Let $T:S\to\mathbb{N}$ be a stopping time.
Let $(X_n)_n$ be an $(F_n)_n$-adapted process that is integrable.
How do we prove that $X_n$ is a martingale $\iff$ for all $T$ that take maximally two values it holds $\mathbb{E}[X_T]=\mathbb{E}[X_0]$?
$\implies$ I think we should use optimal stopping here, but I'm not sure how.
I know that $\mathbb{E}[X_n]=\mathbb{E}[X_0]$ for all $n$ and I think we want to say that $\mathbb{E}[X_T]=\mathbb{E}[\lim X_{T\land n}]=\lim\mathbb{E}[X_{T\land n}]=\lim \mathbb{E}[X_0]=\mathbb{E}[X_0]$.
But when are we allowed to make the step $\mathbb{E}[\lim X_{T\land n}]=\lim\mathbb{E}[ X_{T\land n}]$?
$\impliedby$ We want to show that $\mathbb{E}[X_n|F_{n-1}]=X_{n-1}$. Where do we use stopping times in all of this?
Best Answer
$(\implies:)$ You have the right idea to use optional stopping but you don't need to take a limit since $T$ is a bounded stopping time (it takes at most two values). Fix your stopping time $T$ taking values in $\{a,b\} \subseteq \mathbb{N}$. Then $T < \max\{a,b\} + 1 = K$ and $Y_t = X_{t \wedge K}$ is a uniformly integrable martingale. So by optional stopping $$\mathbb{E}[X_0] = \mathbb{E}[Y_0] = \mathbb{E}[Y_T] = \mathbb{E}[X_{T \wedge K}] = \mathbb{E}[X_T ]$$ since $T \wedge K = T$.

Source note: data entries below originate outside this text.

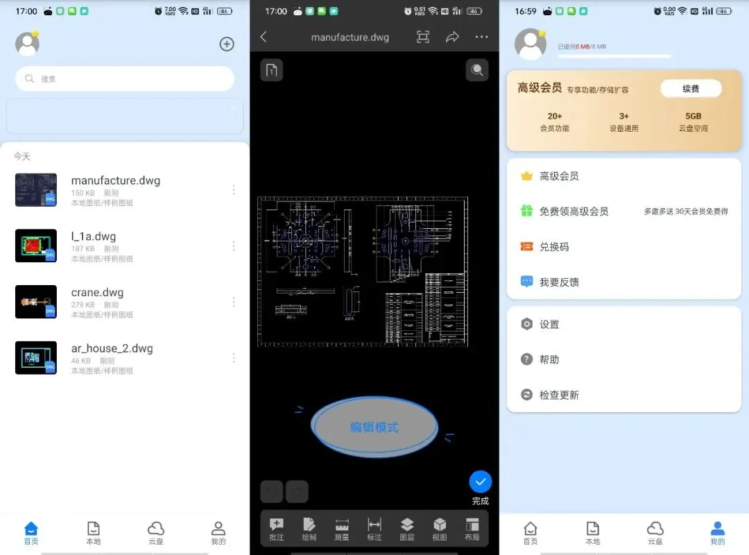 **简介:** CAD看图大师是中望软件官方出品的CAD看图与编辑工具。它支持dwg、dwf、dxf、pdf等多种格式图纸的快速查看,提供精准的测量标注(长度、角度、面积等)、基础编辑绘图功能以及图层管理。适用于建筑、机械、电气等行业人员在移动端处理图纸。
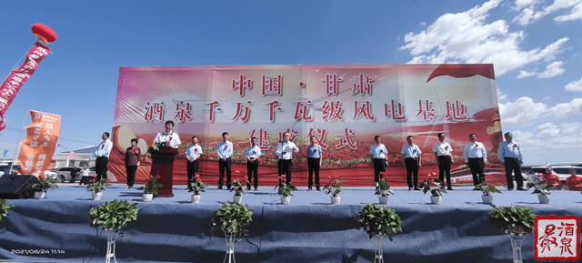 6月24日,酒泉千万千瓦级风电基地建成仪式在酒泉瓜州县安北第一风电场举行,标志着全国首个千万千瓦级风电基地在酒泉建成。
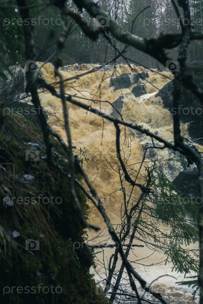 Водопад Белые мосты в лесу Карелии весной
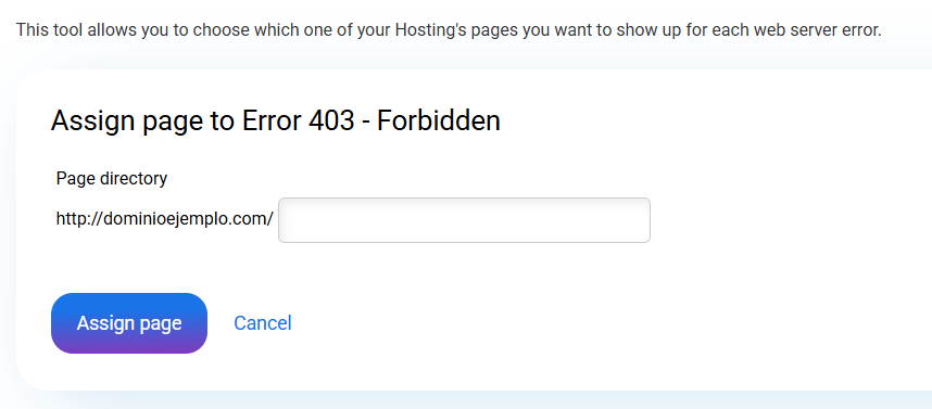 To assign a custom error page, click on Modify assigned page for the type of error you want to customize.

$(\impliedby:)$ By definition of the conditional expectation, we need to show that if $A \in F_{n-1}$ then $\mathbb{E}[X_n 1_A] = \mathbb{E}[X_{n-1} 1_A]$. So fix $A \in F_{n-1}$ and define $T(\omega) = n$ if $\omega \not \in A$ and $T(\omega) = {n-1}$ otherwise. Without loss of generality, here I assume $X_0 = 0$ (otherwise consider the process $X_t - X_0$ which satisfies the same conditions). Then, by our assumption applied with this choice of $T$, $$ 0 = \mathbb{E}[X_T] = \mathbb{E}[X_{n} 1_{A^c}] + \mathbb{E}[X_{n-1}1_A] = \mathbb{E}[X_n] - \mathbb{E}[X_n 1_A] + \mathbb{E}[X_{n-1}1_A]$$ Finally, we notice that using the stopping time $S=n$, we have $0 = \mathbb{E}[X_S] = \mathbb{E}[X_n]$ so that the above says that $$0 = - \mathbb{E}[X_n 1_A] + \mathbb{E}[X_{n-1}1_A] \implies \mathbb{E}[X_n 1_A] = \mathbb{E}[X_{n-1}1_A]$$ which is what we set out to prove.